Capital Gains Tax (CGT) is the latest budgetary issue to come under the radar of Rishi Sunak. And not in a good way for thousands of property investors and home owners, it appears.
In commissioning a review by the Office of Tax Simplification (OTS) yesterday, the Chancellor is believed to be considering altering the current system. This is directly in relation to exemptions, relief and allowances. In March he slashed the Entrepreneur Lifetime Relief from £10m to £1m.
In explaining the move, Mr Sunak said he wanted to “simplify” CGT.
He added: “In particular, I would be interested in any proposals from the OTS on the regime of allowances, exemptions, reliefs and the treatment of losses within CGT, and the interactions of how gains are taxed compared to other types of income.”
Move to make up for stamp duty cuts
Many analysts say the move is in an effort to make up for the money the government is expected to lose by extending the Stamp Duty threshold to £500,000 before tax is paid.

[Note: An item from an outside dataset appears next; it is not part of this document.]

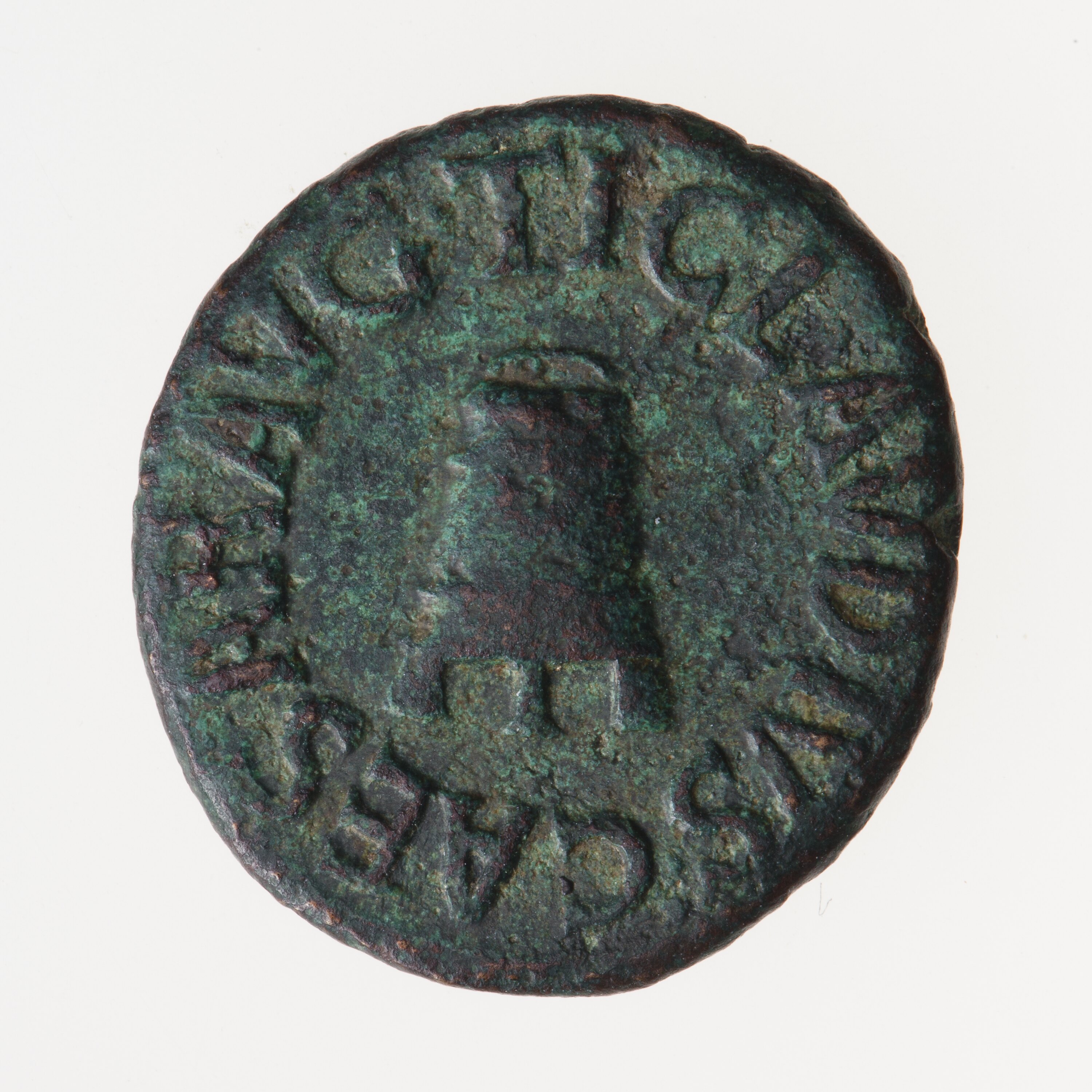 Quadrans struck in the period 5 January 42 AD to 31 December 42 AD, Ancient Roman Empire. Minted by Rome. The use of the modius on the obverse of this issue is thought to relate to distribution of corn to the citizens.

That came into force on Monday and means property investors and those with second homes are due only the three per cent surcharge. It looks set to lose the government £3bn a year. A reduction in VAT for the hospitality sector will have a similar effect in cutting income the government receives from the tax payer.
Meanwhile, CGT brought in the government £8.8bn for the year 2017-18. That’s equivalent to paying a tax of 15 per cent, according to the OTS.
Corporates not subject to change
Any CGT changes will affect individuals and small to medium-sized businesses – rather than large corporate groups.
Current CGT tax rates on property are 28 per cent for those in the higher and additional rate categories, and 18 per cent for basic rate taxpayers.